Loss of Dopamine D2 Receptors Induces Atrophy in the Temporal and Parietal Cortices and the Caudal Thalamus of Ethanol-Consuming Mice
ABSTRACT The need of an animal model of alcoholism becomes apparent when we consider the genetic diversity of the human populations, an example being dopamine D2 receptor (DRD2) expression levels. Research suggests that low DRD2 availability is associated with alcohol abuse, while higher DRD2 levels may be protective against alcoholism. This study aims to establish whether (i) the ethanol-consuming mouse is a suitable model of alcohol-induced brain atrophy and (ii) DRD2 protect the brain against alcohol toxicity.
Adult Drd2+/+ and Drd2-/- mice drank either water or 20% ethanol solution for 6 months. At the end of the treatment period, the mice underwent magnetic resonance (MR) imaging under anesthesia. MR images were registered to a common space, and regions of interest were manually segmented.

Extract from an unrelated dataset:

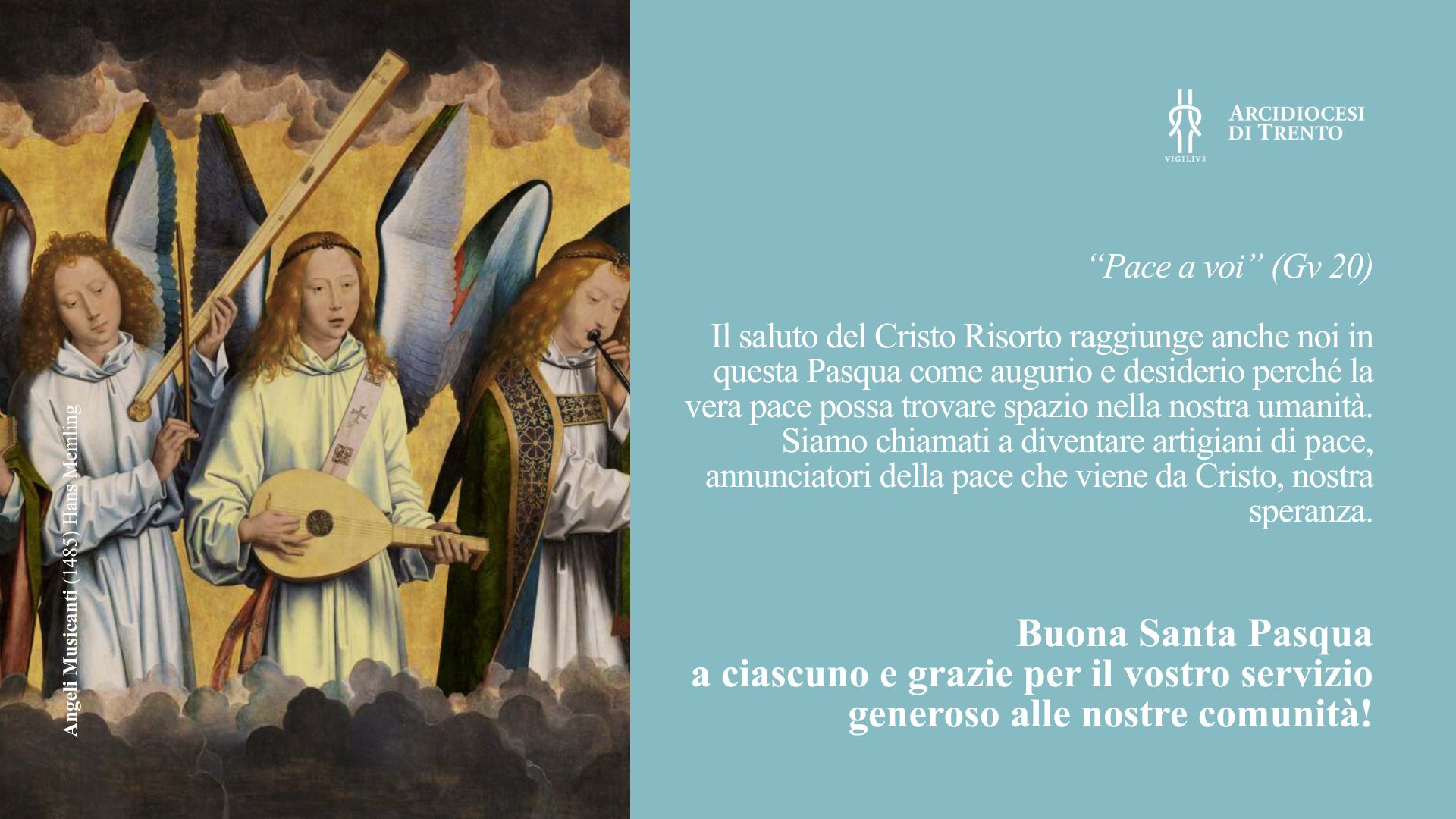 La Pasqua ci ricorda che persino l’ora più oscura della passione e della morte è vinta dalla luce nuova e sfolgorante della risurrezione. Che il saluto di Gesù trovi cuori attenti e disponibili, così da credere e testimoniare la pace autentica che solo il Risorto dona.

We found that chronic ethanol intake induced a decrease in the volume of the temporal and parietal cortices as well as the caudal thalamus in Drd2-/- mice.
The result suggests that (i) normal DRD2 expression has a protective role against alcohol-induced brain atrophy and (ii) in the absence of Drd2 expression, prolonged ethanol intake reproduces a distinct feature of human brain pathology in alcoholism, the atrophy of the temporal and parietal cortices.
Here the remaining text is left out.